(Saved data entries)
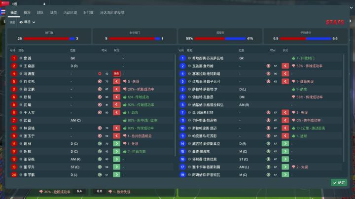 模拟完了后,我对于在游戏中执教国家队的感受有以下几点:
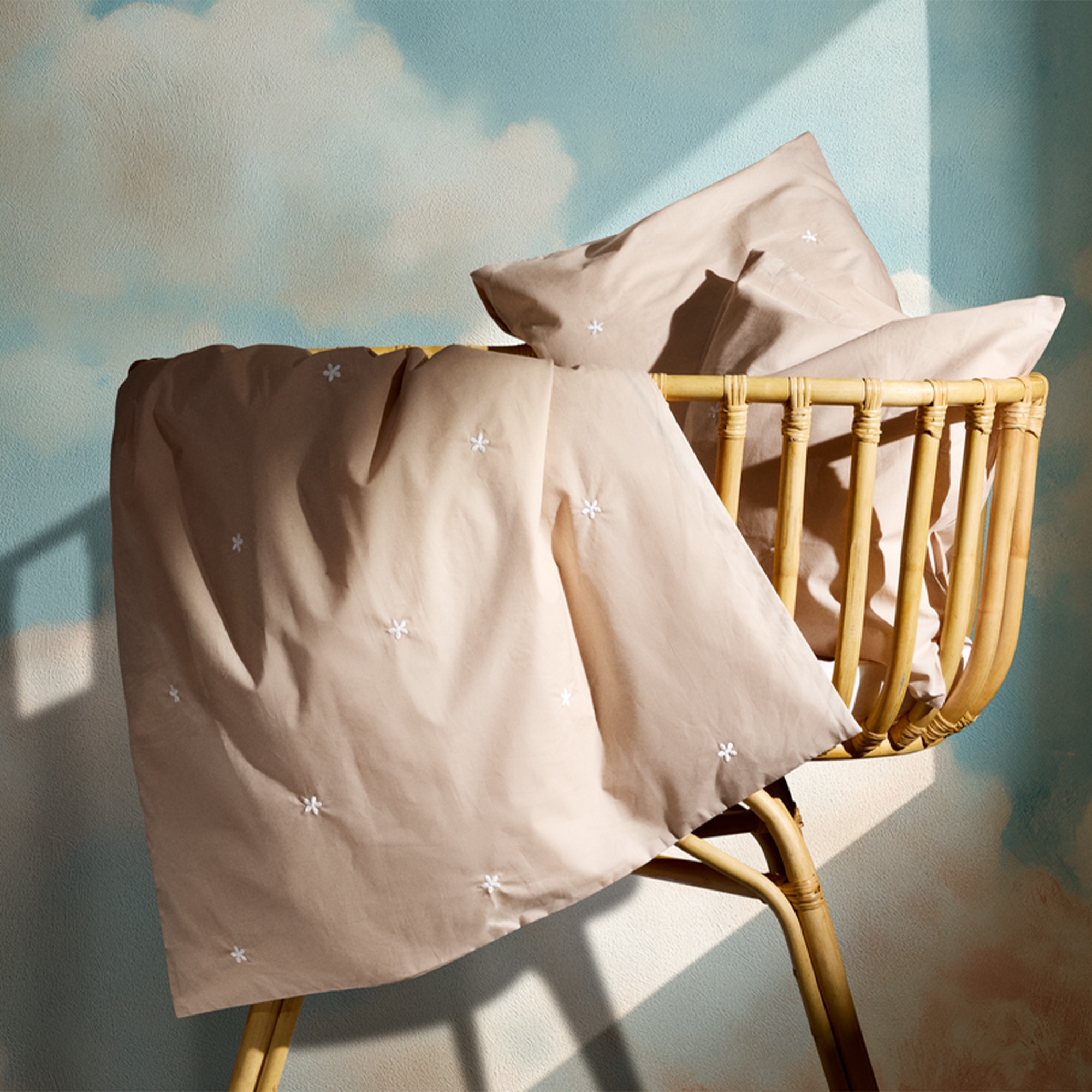 Framsidan »Sängkläder » Sängkläder för barn » Sängkläder för baby 70x100 cm JUNA bäddset - 100% ekologisk bomull - Daisy babybäddset 70x100 cm - Sand med broderade blommor JUNA Bra pris:599,00SEK Fåtal i lager Trustpilot Antal Lägg i varukorgen Se mer från: JUNA Artikelnummer:607404-7 Läs vår sängklädsguide Se vårt stora utbud av lakan Se vårt stora utbud av täcken 70x100 Har du frågor om produkten? Andningsbart material som ger god komfortBäddsetet är perfekt för barn med känslig hudSlitstark kvalitet som håller sig fin tvätt efter tvätt Påslakan: 70x100 cm - babybäddset Örngott: 40x45 cm Material: 100% ekologisk bomull Färg: Sand Design: Broderade vita blommor Serie: Daisy Märke: Rosendahl - JUNA Stängning: Påslakan och örngott med dragkedja Tvätt: 60° Torktumling: Ja Tål strykning: Ja Certifiering: STANDARD 100 by OEKO-TEX®. Din garanti för att produkten är fri från hälsofarliga kemikalier. Certifiering: GOTS-certifierad (GOTS Organic Certified by CU1026087). Din garanti för ekologisk textilproduktion med fokus på miljö, ansvarstagande och frihet från skadliga kemikalier genom hela produktionsprocessen. Babybäddset 70x100 cm - Daisy från JUNA Skapa en trygg nattsömn med detta vackra babybäddset från JUNA Daisy-serien. Den klassiska sandfärgade designen med broderade vita blommor ger ett tidlöst och lugnt uttryck. Bäddsetet är tillverkat i 100% ekologisk bomull i en exklusiv percaleväv, som säkerställer en mjuk, slät och andningsbar kvalitet - perfekt för babyns känsliga hud. Den fina percaleväven ger en lätt och behaglig textur, samtidigt som materialet är slitstarkt och håller sig fint tvätt efter tvätt. De små broderade blommorna skapar ett ombonat och rofyllt uttryck som passar perfekt i alla babyrum. Bäddsetet är både GOTS-certifierat och OEKO-TEX®-certifierat, vilket säkerställer att det är tillverkat med fokus på miljö, ansvarstagande och utan skadliga kemikalier - ett tryggt val för de minsta. Se allt babybäddset här JUNA - Rosendahl JUNA är en del av Rosendahl Design Group och representerar hemtextilier med fokus på både estetik, kvalitet och ansvarsfull produktion. Märket kombinerar klassisk skandinavisk design med nutida trender och skapar textilier som ger personlighet och värme åt hemmet. JUNA är särskilt känt för sitt färgstarka och lekfulla universum, där mönster, ränder och grafiska uttryck går hand i hand med mjuka material och hög komfort. Med ett starkt fokus på miljön använder JUNA certifierade material och ansvarsfulla produktionsmetoder, så att du kan välja textiler med omtanke. Se hela utbudet från Juna här Tillbaka till Sängkläder för baby 70x100 cm
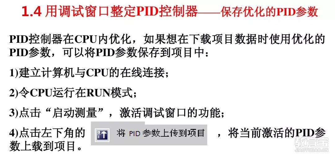 模拟量闭环控制系统-PID控制的特点:不需要被控对象的数学模型,结构简单容易实现,使用方便有较强的灵活性和适应性。用调试窗口整定PID控制器-调试窗口的功能:1、使用“启动自调节”功能优化控制器2、使用“运行中自调节”功能优化控制器,可以实现*佳调节3、用于趋势视图监...
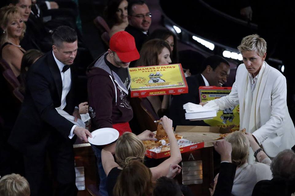 Last night’s Academy Awards made pizza history. Host, Ellen DeGeneres ordered delivery pizza to the Hollywood & Highland Center for all the starving A-list celebs sitting in the audience at the Oscars.
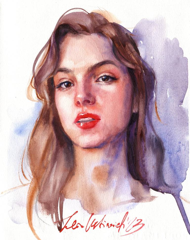 In this watercolor portrait, I had the privilege of capturing a mesmerizing gaze that tells a story of its own. The beautiful black eyes, the allure of red lipstick, and the flowing long hair are a testament to youth and beauty. I'm deeply grateful to Kallie for being my inspiration and bringing h...

THE PROBLEM
Output exactly the lines above, from the line with "模拟量闭环控制系统-PID控" to the line with "Last night’s Academy", both included; skip the pictures.

EXERCISE RESPONSE
 模拟量闭环控制系统-PID控制的特点:不需要被控对象的数学模型,结构简单容易实现,使用方便有较强的灵活性和适应性。用调试窗口整定PID控制器-调试窗口的功能:1、使用“启动自调节”功能优化控制器2、使用“运行中自调节”功能优化控制器,可以实现*佳调节3、用于趋势视图监...
 Last night’s Academy Awards made pizza history. Host, Ellen DeGeneres ordered delivery pizza to the Hollywood & Highland Center for all the starving A-list celebs sitting in the audience at the Oscars.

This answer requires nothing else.